Die Verfügungsbeklagte sendete dort am 26.7.2005 einen Beitrag, der sich mit dem Ausscheiden des ehemaligen Leiters des zweiten Reaktorblocks des Kernkraftwerks N. beschäftigte. Das Kraftwerk wird von der E. K. GmbH (E), einem Tochterunternehmen der Verfügungsklägerin, betriebenen. Vorstandsvorsitzender der Verfügungsklägerin ist Prof. Dr. C. In dem Beitrag hieß es u.a.: "... gefeuert hat ihn E-Chef U.C., ..., weil er sich für die Aufarbeitung der Störfälle stark gemacht hat." Die Verfügungsklägerin verlangte mit am 5.8.2005 der Verfügungsbeklagten zugestelltem Schreiben zunächst eine Gegendarstellung mit u.a. der Entgegnung, dass Prof. Dr. C. weder an der Entscheidungsfindung noch am Ausspruch der Kündigung beteiligt gewesen sei, der Grund für die Kündigung sei allein inakzeptables dienstliches Verhalten ggü. Vorgesetzten und Kollegen gewesen. Aus einem Protokoll der atomaufsichtsrechtlichen Befragung eines Geschäftsführers der E. vom 4.11.2004 geht allerdings hervor, dass der Vorstandsvorsitzende der Verfügungsklägerin von der Entscheidung der Geschäftsführung, sich von dem Anlagenleiter zu trennen, sofort in Kenntnis gesetzt wurde und mit der Trennung einverstanden war. Die Kündigung wurde erst nach diesem Einverständnis ausgesprochen.

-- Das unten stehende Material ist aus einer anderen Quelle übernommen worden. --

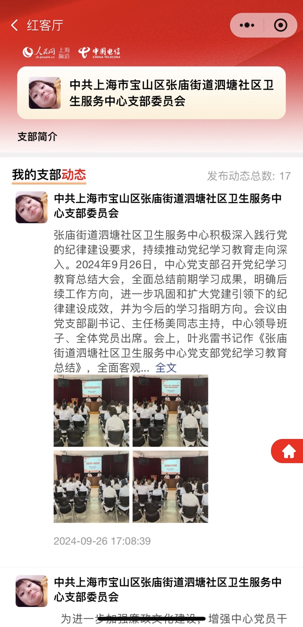 3、中共上海市寶山區張廟街道泗塘社區衛生服務中心支部委員會,已發布動態 17條,9月發布動態3條。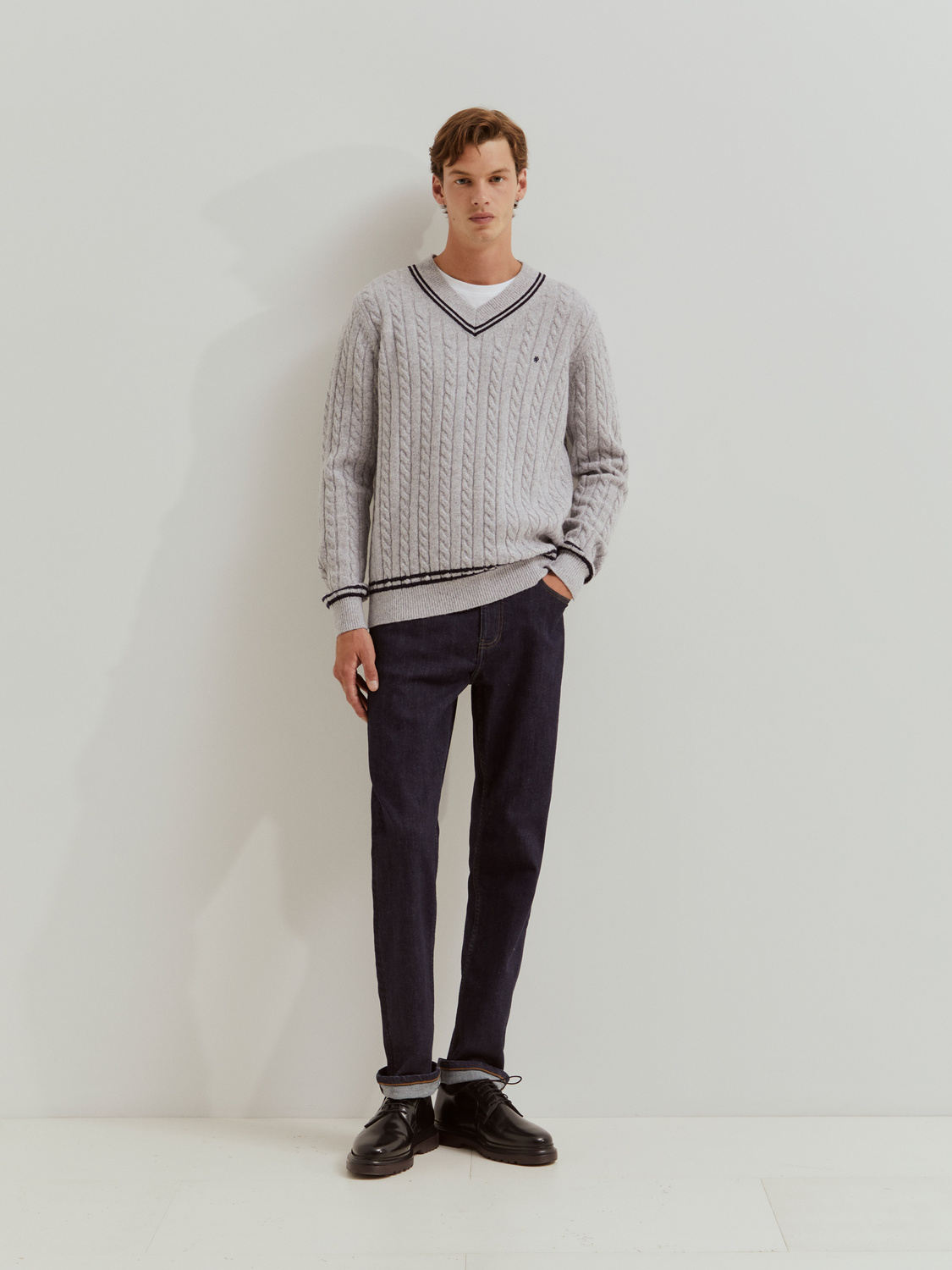 Пуловер с длинным рукавом из тканого трикотажа, идеально подходящий для добавления стиля и комфорта в мужской гардероб. Контрастный вышитый логотип со львом на груди и контрастные полоски по вырезу горловины, подолу и манжетам придают изделию индивидуальность. V-образный вырез позволяет легко носить его отдельно или поверх рубашек и футболок, что делает его универсальным для повседневных или более изысканных образов.

Nach Ablehnung der Gegendarstellung stellte die Verfügungsklägerin beim LG Stuttgart einen Antrag auf Erlass einer einstweiligen Verfügung, der mit Urt. v. 1.9.2005 wegen offenkundiger Unrichtigkeit der Gegendarstellung, jedenfalls aber offensichtlicher Irreführung zurückgewiesen wurde (LG Stuttgart, Urt. v. 1.9.2005 - 17 O 455/05). Daraufhin verlangte die Verfügungsklägerin mit am 6.9.2005 der Verfügungsbeklagten zugegangenem Schreiben eine modifizierte Gegendarstellung mit dem streitgegenständlichen Inhalt. Die Verfügungsbeklagte lehnte eine Ausstrahlung erneut ab.
Die deshalb beantragte einstweilige Verfügung hat das LG durch Urt. v. 27.10.2005 mit der Begründung zurückgewiesen, hinsichtlich des erneuten Gegendarstellungsverlangens sei das Gebot der Unverzüglichkeit nicht gewahrt. Die Auffassung, wonach bei fehlerhaften Gegendarstellungen die Unverzüglichkeit gewahrt bleibe, wenn neue, überarbeitete Fassungen jeweils unverzüglich nach Zurückweisung der vorherigen Fassung zugeleitet werden, gelte jedenfalls nicht, wenn die ursprüngliche Fassung in ihrem wesentlichen Aussagegehalt falsch war und inhaltlich der Kernbereich der Aussage abgeändert wurde.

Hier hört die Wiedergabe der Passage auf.